There’s no better place to start from than the classical vector addition task:
cudaMalloc(&a, …); cudaMalloc(&b, …); cudaMalloc(&c, …); cudaMemcpy(a, …, cudaMemcpyHostToDevice); cudaMemcpy(b, …, cudaMemcpyHostToDevice); kernel<<<...>>>(a, b, c); cudaDeviceSynchronize(); cudaMemcpy(…, c, cudaMemcpyDeviceToHost);
The cudaMalloc allocates a chunk of Device memory, and cudaMemcpy copies the memory from/to device. Let’s see the Timeline trace in NVIDIA Visual Profiler:
It nicely shows all the interesting activities: Runtime API is a “CPU view” of the process, Memory and Compute show the time it takes to copy the data and execute the kernel respectively. This view also shows very clearly that (at least for a simple kernel) the memory operations take significant amount of time in the overall process, much larger than the computation itself.

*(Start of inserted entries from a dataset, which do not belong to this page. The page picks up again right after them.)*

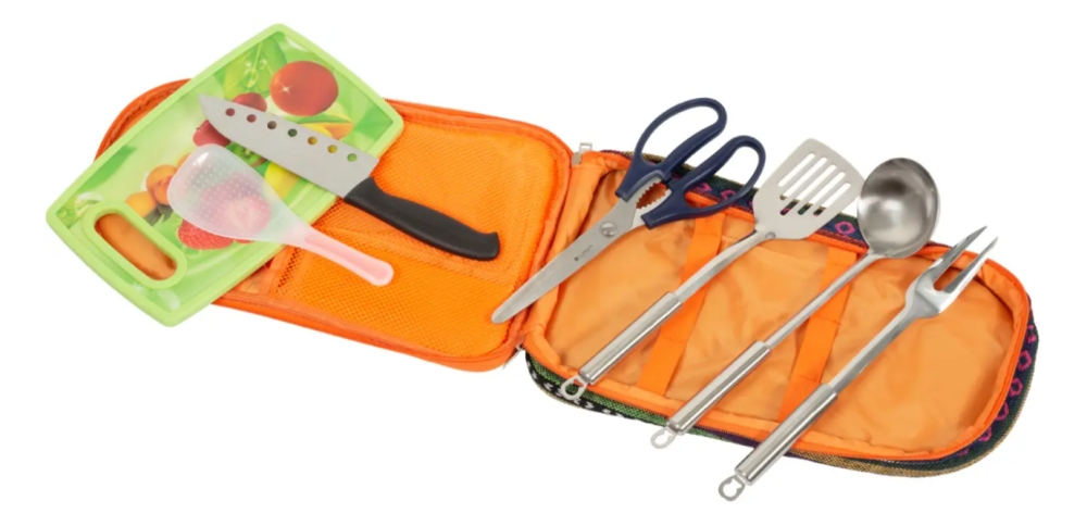 Skif Outdoor Chief's Vocation – багатофункціональний набір кухонного начиння від Skif Outdoor. Перше, що впадає у вічі – це яскравий дизайн чохла з етно орнаментом. Усередині ви знайдете повноцінний набір для приготування супів, смаження м'яса, нарізки овочів і т.д. Кожен предмет набору розміщено в індивідуальному відсіку.Комплект Chief's Vocation стане гарним помічником на рибалці, на пікніку чи навіть удома.
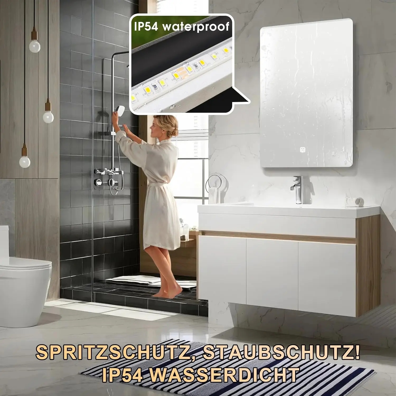 IP54 waterproof: The light tires of our bathroom mirror is covered with a rubber pipe, sealed and waterproof, which can effectively resist splashing water drops and moisture.
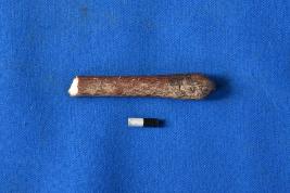 | Description / विवरण | A fragmentary antimony rod of ivory with a reddish coloured smooth surface and a broad round cross section. |
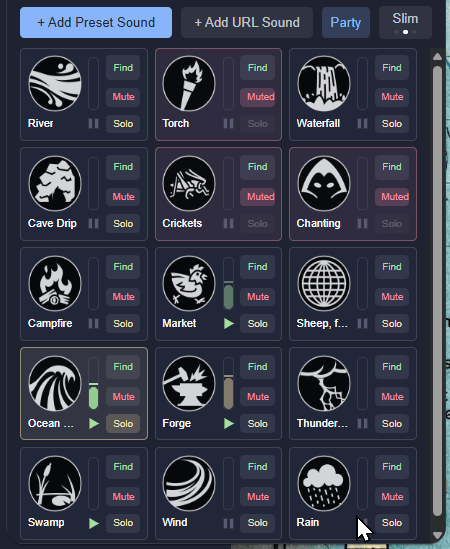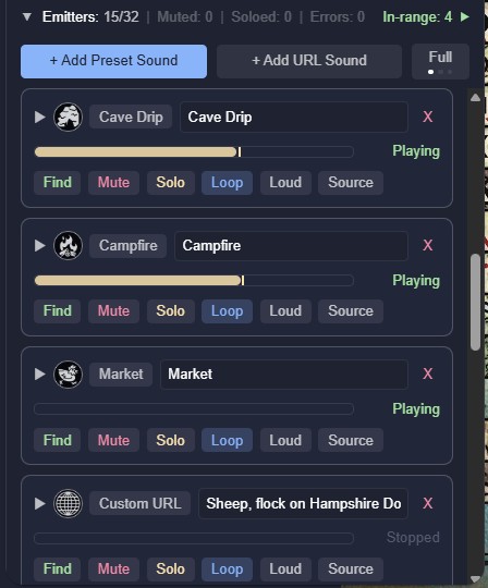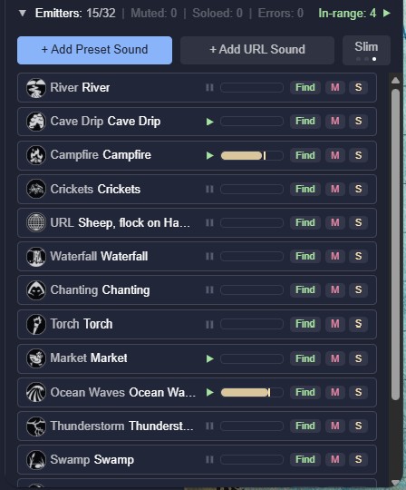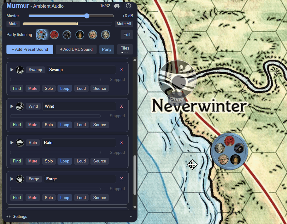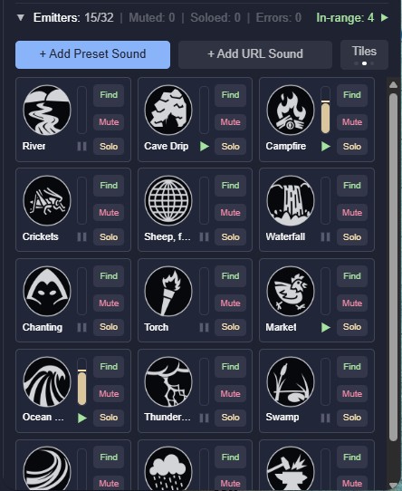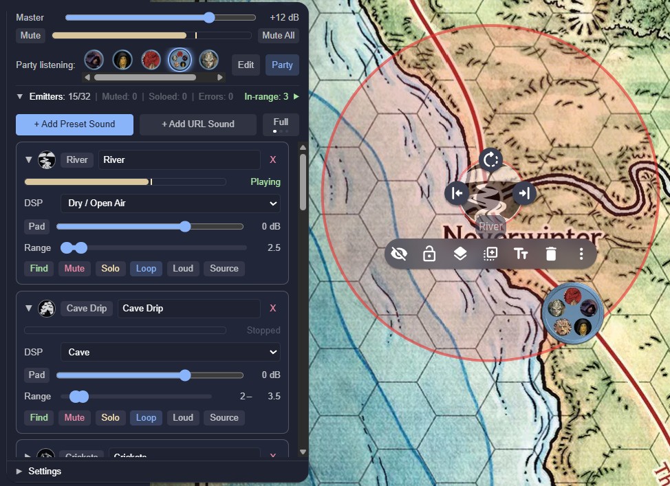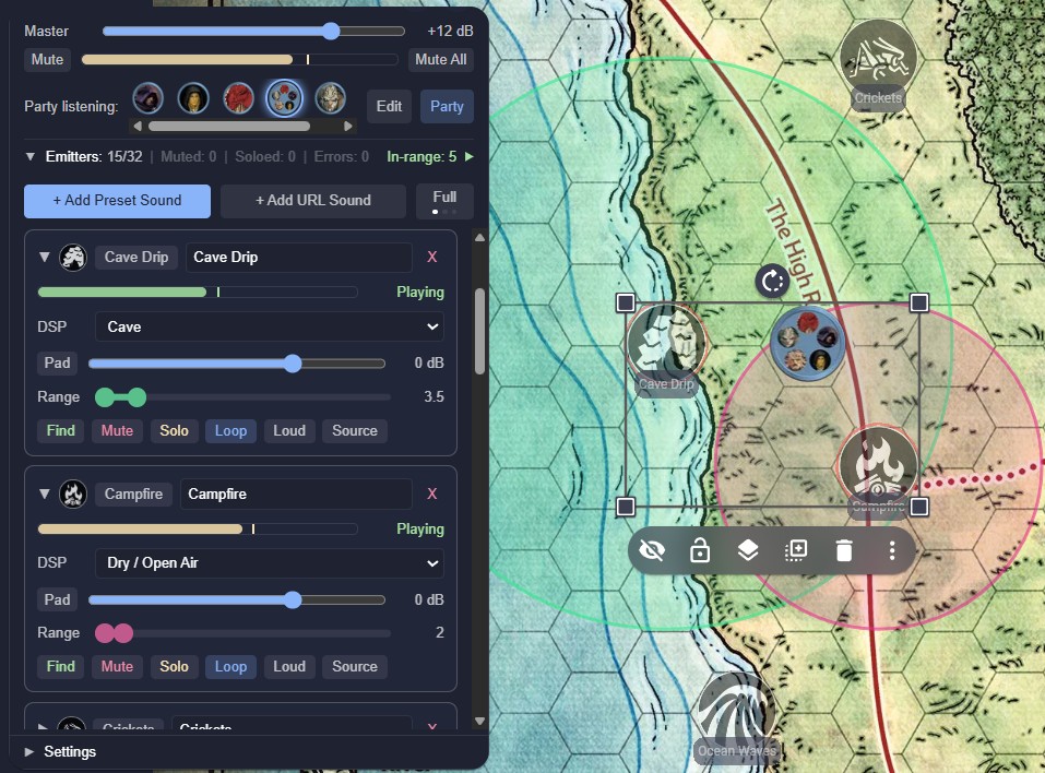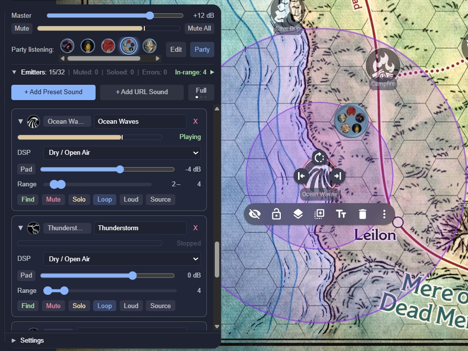 A player standing next to a waterfall hears it roar. A player across the map hears a distant rumble, or nothing at all. The same torch crackle sounds intimate in a stone hall, muffled in a forest, and reverberant in a cave. Multiple emitters co-exist independently; a forge hammering in one corner, crowd chatter in another, rain on the roof overhead. In Player mode, each person hears the world from their character's position, not the GM's; no two players hear the same mix. In Party mode, worldmap navigation is simplified, because all the players hear the same things as their characters travel together

Back to the memory analysis, first thing to notice is that this call is synchronous. The execution of the kernel code waits until the copying is complete, and only after the completion of the kernel we start copying the result back. We can obviously do better than that!
More Parallelism!
Let’s see what level of parallelism is supported by our device. First, we need to query device properties:
cudaDeviceProp props; cudaGetDeviceProperties(&props, deviceid);
The deviceOverlap field indicates whether the GPU supports copying data in parallel with kernel execution. But it’s declared as deprecated, and we prefer checking the asyncEngineCount value instead. 0 would mean no overlap, value of 1 – we can copy memory in parallel with execution, and 2 – the device has two DMA engines, and can copy memory to and from device in parallel, while executing kernels at the same time.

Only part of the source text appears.